Our study aimed to assess health-related quality of life and the factors influencing it in postmodified radical mastectomy patients using the WHO QOL BREF and the SF-36 questionnaires. We also aimed to compare the application feasibility of these two tools in the OPD setting and terms of the duration of application.
This study was proposed for the short-term studentship (STS) programme, an initiative from the Indian Council of Medical Research (ICMR), Government of India. After the ICMRs approved the proposal, approval was obtained from the Institute Ethics Committee of All India Institute of Medical Sciences, Nagpur (reference number: IEC/Pharmac/2022/423). This cross-sectional survey-based study was conducted over two months (August 2022-September 2022) in the Department of Surgery in All India Institute of Medical Sciences Nagpur, India. This study had a limited duration. Based on the average number of breast carcinoma patients presenting in the OPD weekly, 30 patients were included.
Patients who underwent modified radical mastectomy (MRM) for breast carcinoma within the past six months after the commencement of the study were contacted through telephone conversations. Patients who underwent MRM within the first month of the study were also included. Patients with a preexisting psychiatric disorder, severe comorbidities or recurrent disease were excluded. Male patients with breast carcinoma were also excluded from the study. Informed written consent was obtained from every patient willing to participate in the study. Detailed sociodemographic information was recorded in the appropriate study proforma. We used the WHO QOL BREF and SF-36 to measure QoL in the study cohort.
The SF 36 comprises an evolution of the earlier Health Insurance Experiment survey and Medical Outcome Study survey developed by the Research and Development (RAND) Corporation (Ware and Shelbourne, 1992) (5). It measures eight health concepts. These concepts include physical functioning, role limitations due to physical health, bodily pain, general health, vitality (energy/fatigue), social functioning, role limitations due to emotional problems, and emotional well-being. All eight domains define distinct physical and mental health functions. Three of the eight domains, physical functioning, role limitation due to physical health, and bodily pain, correlate most strongly with physical components. The other three domains, emotional well-being, emotional role, and social functioning, correspond to mental elements.
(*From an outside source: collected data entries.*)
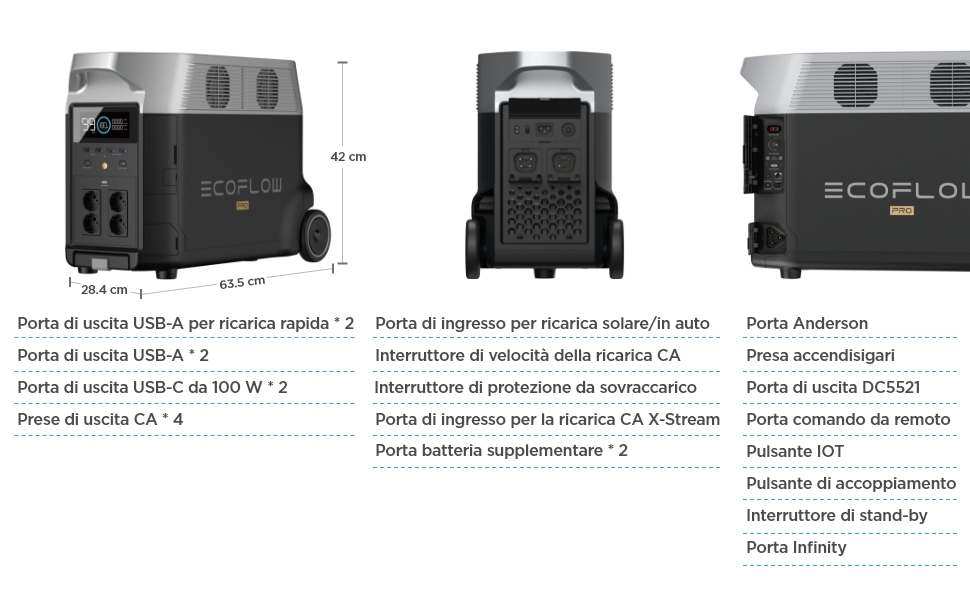 【Efficienza sbalorditiva】Associato a DELTA Pro, il pannello solare da 400W utilizza l'algoritmo MPPT per ottenere un'efficienza ottimale con la pioggia o con il sole. 【Resistente alle intemperie】Questo pannello solare da 400 W è progettato per resistere agli agenti atmosferici. Goditi oltre 6.500 cicli completi e una durata di vita. Ideale per viaggi e campeggio all'aperto. [Capacità ultra-potente]DELTA Pro ha una grande capacità di batteria da 3600Wh con un'uscita CA da 3600W e 14 prese totali, che lo rendono una batteria domes Un'ottima alternativa ai tradizionali generatori a gas, senza fumi, senza rumore e con una soluzione di energia rinnovabile. 【Capacità ultra-potente】DELTA Pro ha una grande capacità di batteria da 3600Wh con un'uscita CA da 3600W e 14 prese totali, che lo rendono una batteria domestica portatile per l'uso in tutta la casa. Con un peso di soli 35.3 lb (16 kg), può essere facilmente imballato e trasportato, ovunque vi troviate. È realizzato con strati di EVA flessibile e robusta fibra di vetro per garantire durata e mobilità. Godetevi la stessa politica di garanzia di un prodotto nuovo, con una garanzia di 5 anni. Ideale per viaggi e campeggio all'aperto. 【Batteria LFP a lunga durata】Questo generatore di energia a batteria dispone di una batteria LFP. Goditi oltre 6.500 cicli completi e una durata di vita. EcoFlow Delta 3600w EcoFlow Delta Max E Pannello Solare Portatile 400W, Recensione Delta Pro Ecoflow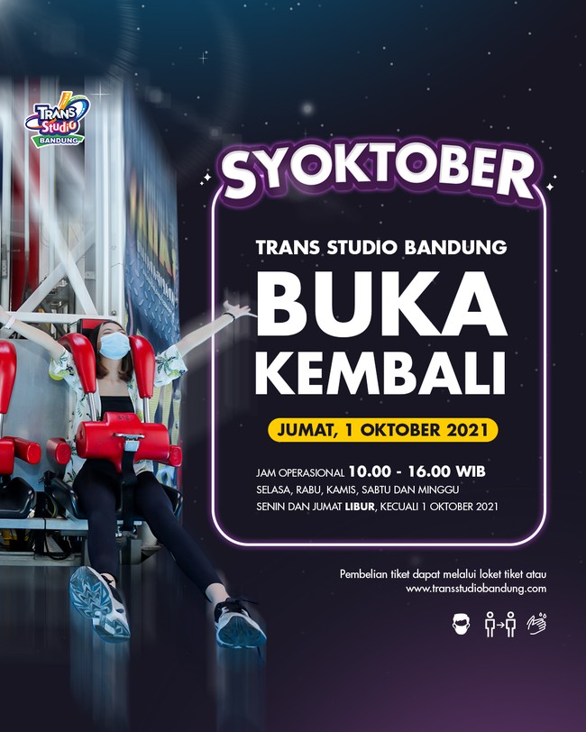 Memasuki bulan baru Oktober kali ini, Trans Studio Bandung juga mengawali langkah baru. Sebab, wahana bermain dengan beragam keseruan ini dibuka kembali per 1 Oktober 2021.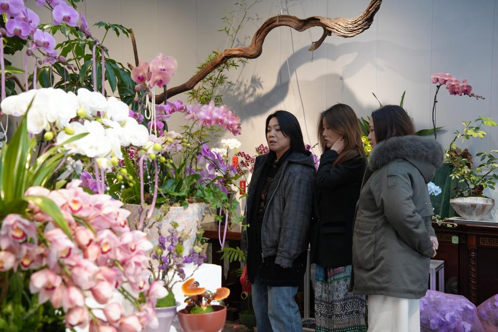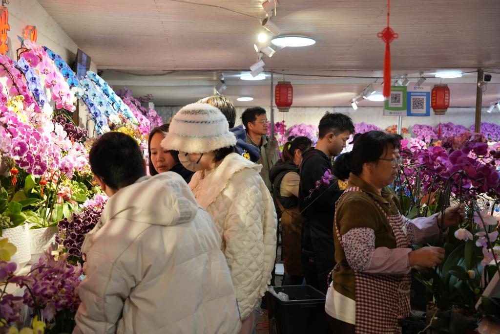 记者走进名为“家叶园艺”的店铺,各式年宵花琳琅满目。“每一株进来都要重新塑形、精选。”店主姚家叶指着一排排整齐挺立的兰花说,周末光一个品种就能卖两三百盆。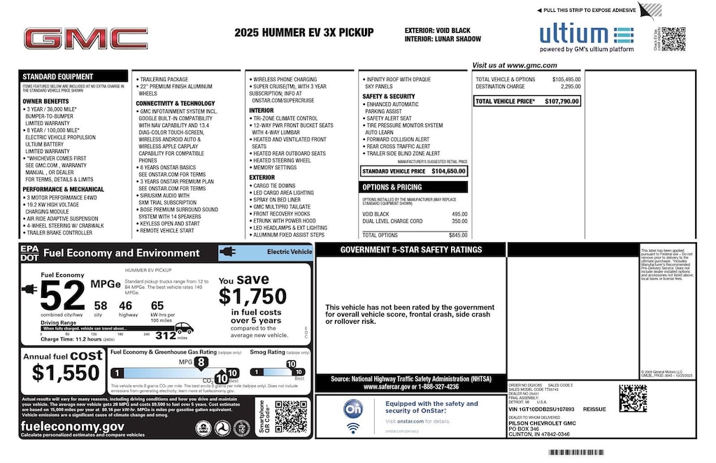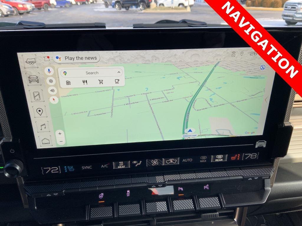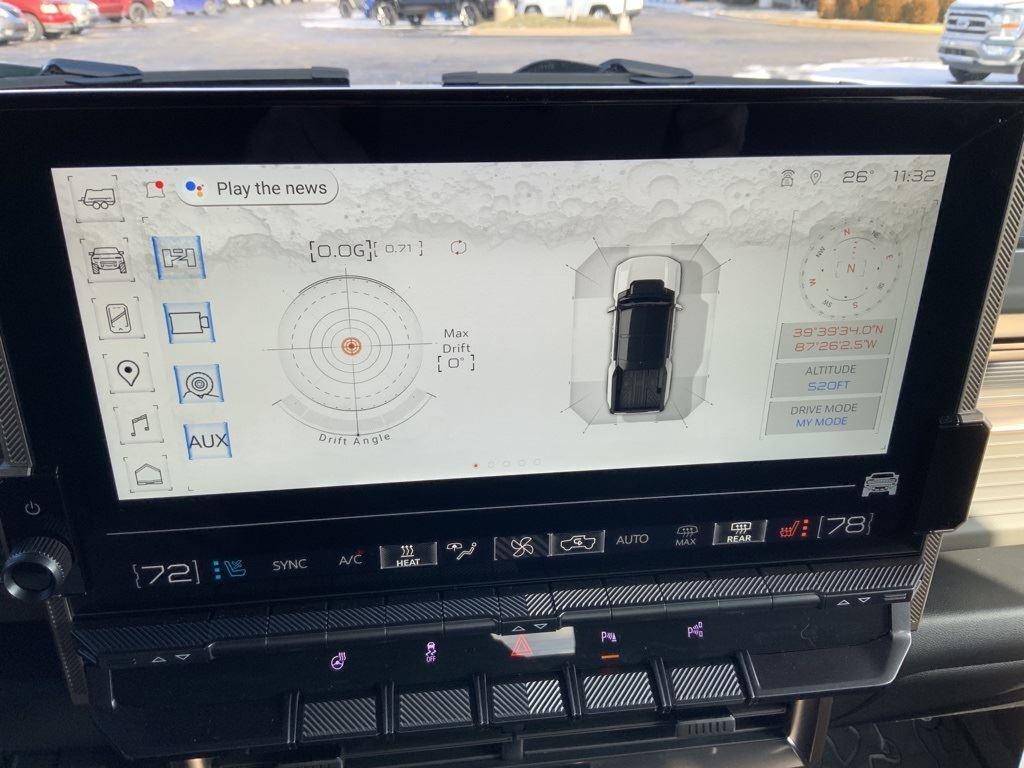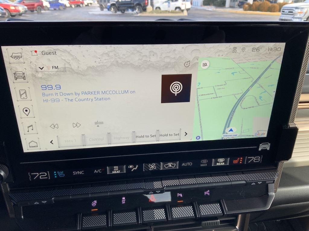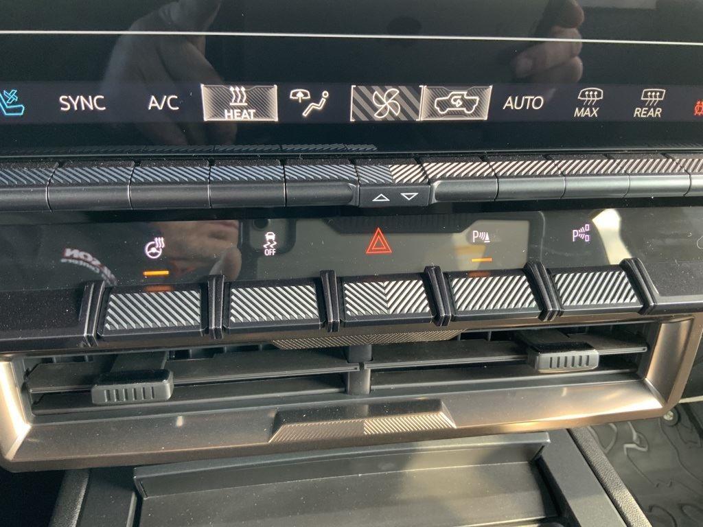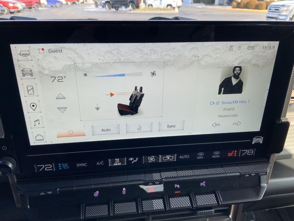Front Drive Unit, 1-motor, Integrated Inverter, Park System, Rear Drive Unit, 2-motor, Integrated Inverter, Torque Vectoring Drive System, Drive Mode Control includes My Mode, Normal, Off-Road, Terrain and Tow/Haul, Regen on Demand, steering wheel paddle, regenerative braking, Trailer brake controller, integrated, Hitch Guidance, Trailering Information Label provides max trailer ratings for tongue weight and conventional towing, Suspension, Adaptive Air Ride, front and rear with adjustable ride height and Extract Mode, Wi-Fi Hotspot capable (Terms and limitations apply. See onstar.com or dealer for details.), Seat adjuster, driver 12-way power including 4-way lumbar, Seat adjuster, passenger 12-way power including 4-way lumbar, Seats, heated second row outboard seats, Remote vehicle starter system, pre-conditioning, Universal Home Remote, Power outlet, rear center console, 120-volt (400 watts shared with (KC9) bed mounted power outlet), USB ports, rear, dual, charge-only, StabiliTrak, stability control system with Proactive Roll Avoidance and traction control, includes electronic trailer sway control and hill start assist, Reverse Automatic Braking, Pedestrian safety signal automated external sound generator at low speeds alerts pedestrians of vehicle presence, Bed View Camera camera in the CHMSL to show a view of the cargo bed, display located in infotainment screen, Trailer Vision, rear view, Trailer Side Blind Zone Alert, Tire Pressure Monitoring System with Auto Learn, Safety Alert Seat, Rear Cross Traffic Alert, Rear Pedestrian Alert, Enhanced Automatic Parking Assist, Following Distance Indicator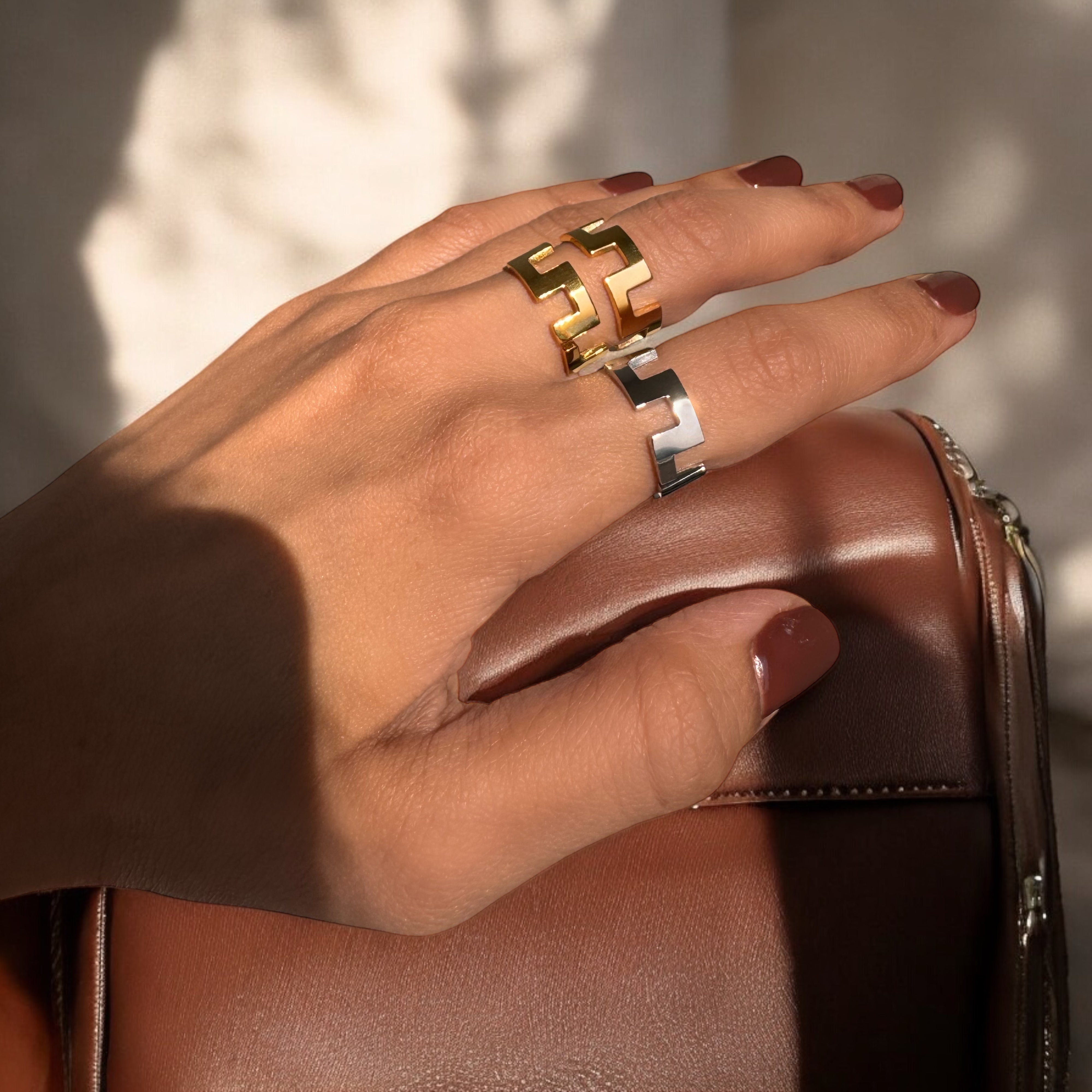The Millenia Gold Ring is the perfect match to the popular Millenia Bangle Bracelet. Made from durable medical-grade stainless steel and finished with thick 18K PVD gold plating, this ring offers a sleek, sophisticated look. Whether worn alone or paired with the bracelet, it’s a timeless piece of style and durability.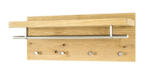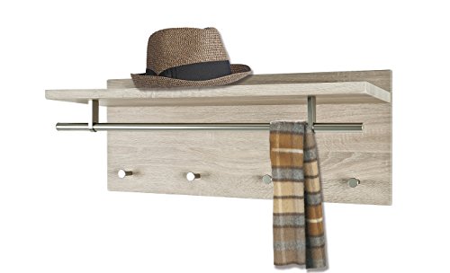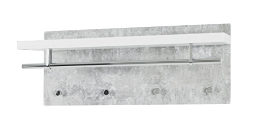 HAKU Möbel Wall coat rack, MDF, white stainless steel look, W 75 x D 26 x H 30 cm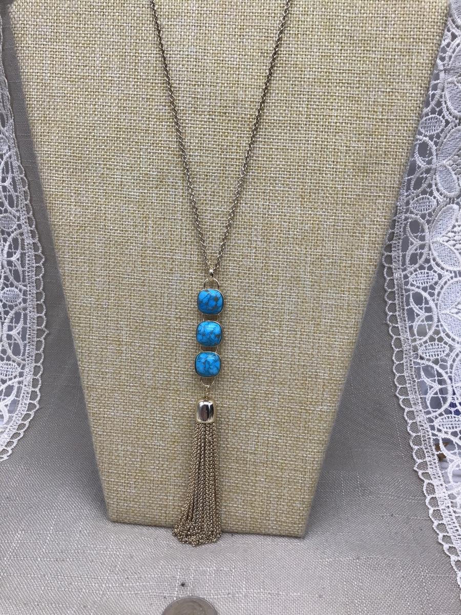Pretty Fashion Necklace With faux Turquoise Stones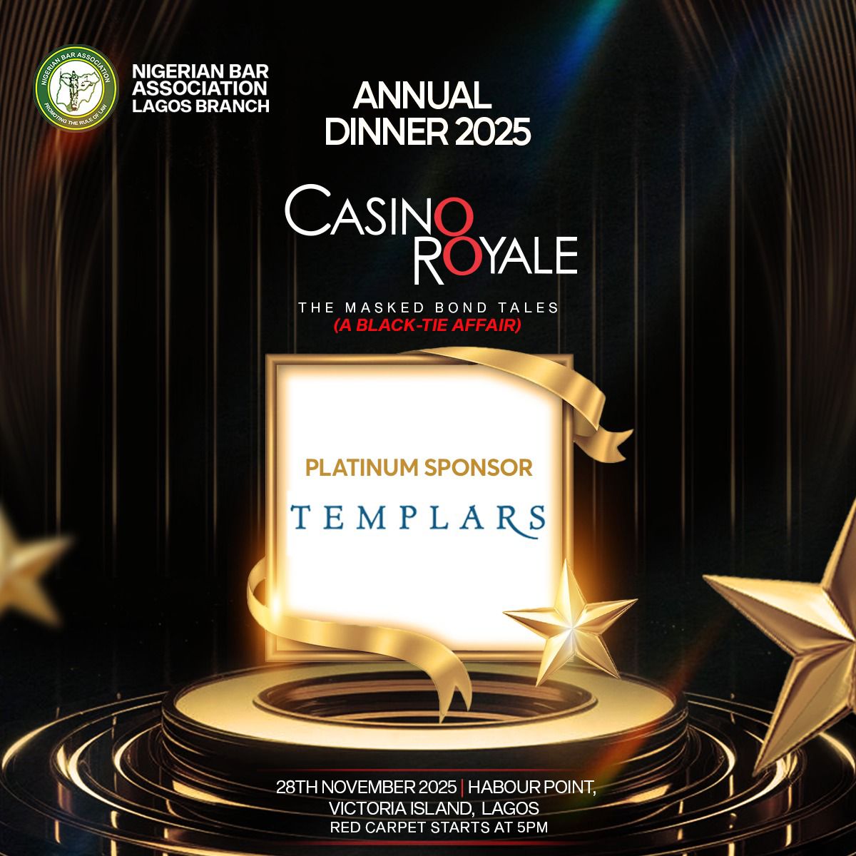The Nigerian Bar Association, Lagos Branch, is proud to announce Templars as a Platinum Sponsor for Our Annual Dinner 2025 themed: CASINO ROYALE: The Masked Bond Tales (A Black-Tie Affair).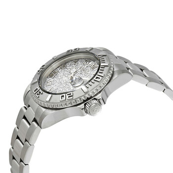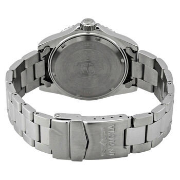 Stainless steel case with a stainless steel bracelet. Uni-directional rotating stainless steel bezel. Silver glitter dial with luminous silver-tone hands and Roman numeral hour markers. Dial Type: Analog. Luminescent hands. Date display at the 3 o'clock position. Ronda caliber 515 quartz movement. Scratch resistant mineral crystal. Screw down crown. Solid case back. Round case shape. Case size: 40 mm. Case thickness: 12 mm. Band width: 20 mm. Band length: 8.25 inches. Fold over clasp. Water resistant at 200 meters / 660 feet. Functions: date, hour, minute, second. Additional Info: in general, suitable for professional marine activity and serious surface water sports, but not diving. Casual watch style. Invicta Angel Silver Glitter Dial Stainless Steel Ladies Watch 22706.

Vitality, social functioning, and general health are associated with physical and mental health (5, 6).
The WHO QOL BREF, developed in 1997, is an abbreviated version of the WHO QOL-100. This QoL assessment tool has four domains: social health, physical health, psychological health, and environmental health. There are twenty-six items in the four domains, and all the items can be self-administered (7). Each item is marked on a scale ranging from 1 to 5. The scores of individual domains of the WHO QOL-BREF are strongly correlated with similar scores on the WHO QOL-100 (7).
The validated and translated versions of both questionnaires in Hindi and Marathi are available on the official websites of the WHO and RAND. The questionnaires were provided in the language that the patient preferred most. The individuals in the study group were asked to complete both questionnaires in a single session in the follow-up outpatient department (OPD). Patients who underwent MRM within one month of the study were given the questionnaires at the first follow-up. The participants in the study group were again asked to complete the same questionnaires after two weeks. The questionnaires were self-administered if the respondents could read and understand the items; otherwise, interviewer-assisted methods were used. The respondent set and other biases were avoided by clearly explaining the question and providing information based on their experience in the past four weeks. For the emotional and mental domain, the respondent was instructed that the response that came to mind first was the actual situation. Each item in all the domains of the questionnaires was scored according to the patient's response. The duration of each administration was noted, and the average time for the two questionnaires was taken separately. Patient privacy was maintained during the data collection. The documents and information were kept confidential by appropriate means.
According to the scoring system's instruction manual guidelines, the scores were transformed into predetermined scales. The mean scale value of the items within each domain was used to calculate the domain score. The study population was divided into different strata based on age group, clinical disease stage, socioeconomic status, education level, marital status, time since MRM, history of oral contraceptive pill use, and QoL. The modified Kuppuswamy scale was used to determine socioeconomic status. Descriptive statistics are presented as the mean ± standard deviation (SD) or median (range) for continuous data or as a percentage for counts. We performed a preliminary analysis to verify the assumptions of normality and linearity of the variants. Normally distributed data were compared using parametric tests. We examined the association between the characteristics of the surveyed population and the domains of health-related QoL measured by the WHO QOL BREF and SF-36. Simple linear regression models were used. The correlation coefficients of different characteristics of the study population were calculated. Significance was set at the 5% level, and a p-value less than 0.05 was considered to indicate statistical significance.